**What you have to do:**
Start to finish, write out the entries exactly, leaving the pictures aside.

**The data:**

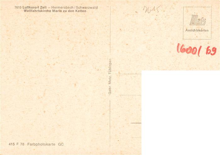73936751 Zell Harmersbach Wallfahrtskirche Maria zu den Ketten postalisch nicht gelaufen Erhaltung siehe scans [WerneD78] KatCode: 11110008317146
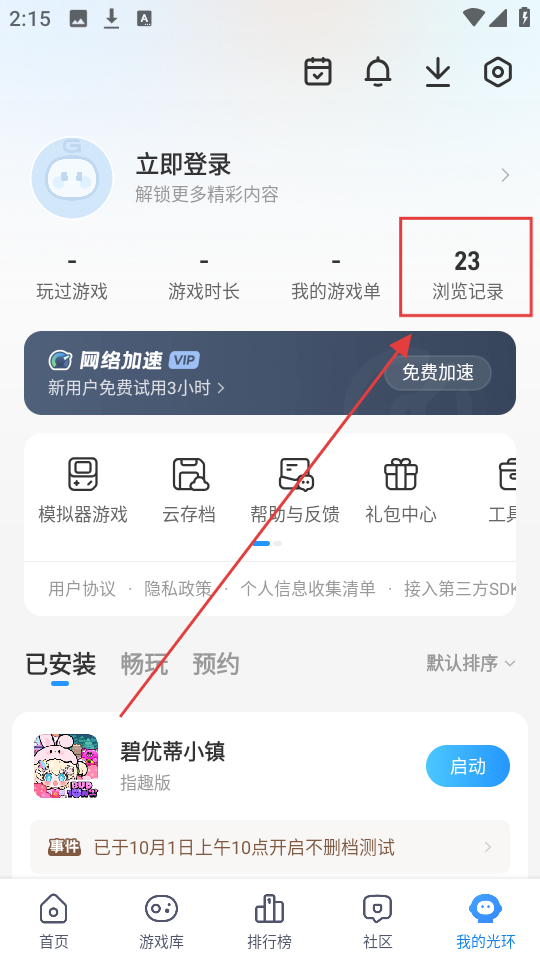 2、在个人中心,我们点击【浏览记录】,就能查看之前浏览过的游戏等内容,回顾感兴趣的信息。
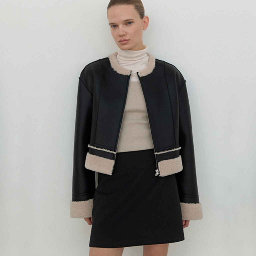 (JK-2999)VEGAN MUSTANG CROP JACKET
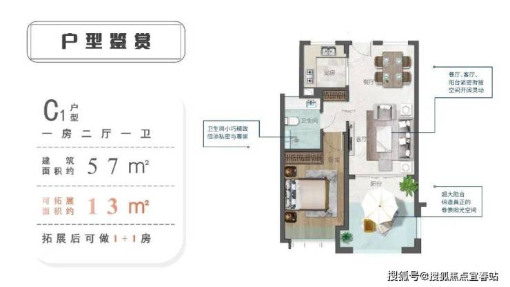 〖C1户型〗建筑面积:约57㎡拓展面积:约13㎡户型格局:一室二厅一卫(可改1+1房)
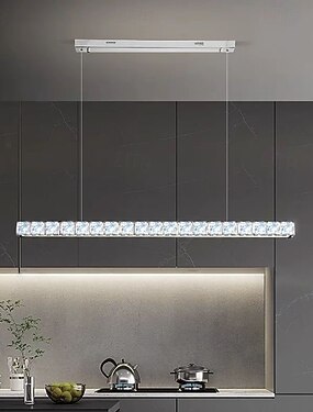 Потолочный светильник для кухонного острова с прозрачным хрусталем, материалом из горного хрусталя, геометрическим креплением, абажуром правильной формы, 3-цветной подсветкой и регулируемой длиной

**Output of the task:**
73936751 Zell Harmersbach Wallfahrtskirche Maria zu den Ketten postalisch nicht gelaufen Erhaltung siehe scans [WerneD78] KatCode: 11110008317146
 2、在个人中心,我们点击【浏览记录】,就能查看之前浏览过的游戏等内容,回顾感兴趣的信息。
 (JK-2999)VEGAN MUSTANG CROP JACKET
 〖C1户型〗建筑面积:约57㎡拓展面积:约13㎡户型格局:一室二厅一卫(可改1+1房)
 Потолочный светильник для кухонного острова с прозрачным хрусталем, материалом из горного хрусталя, геометрическим креплением, абажуром правильной формы, 3-цветной подсветкой и регулируемой длиной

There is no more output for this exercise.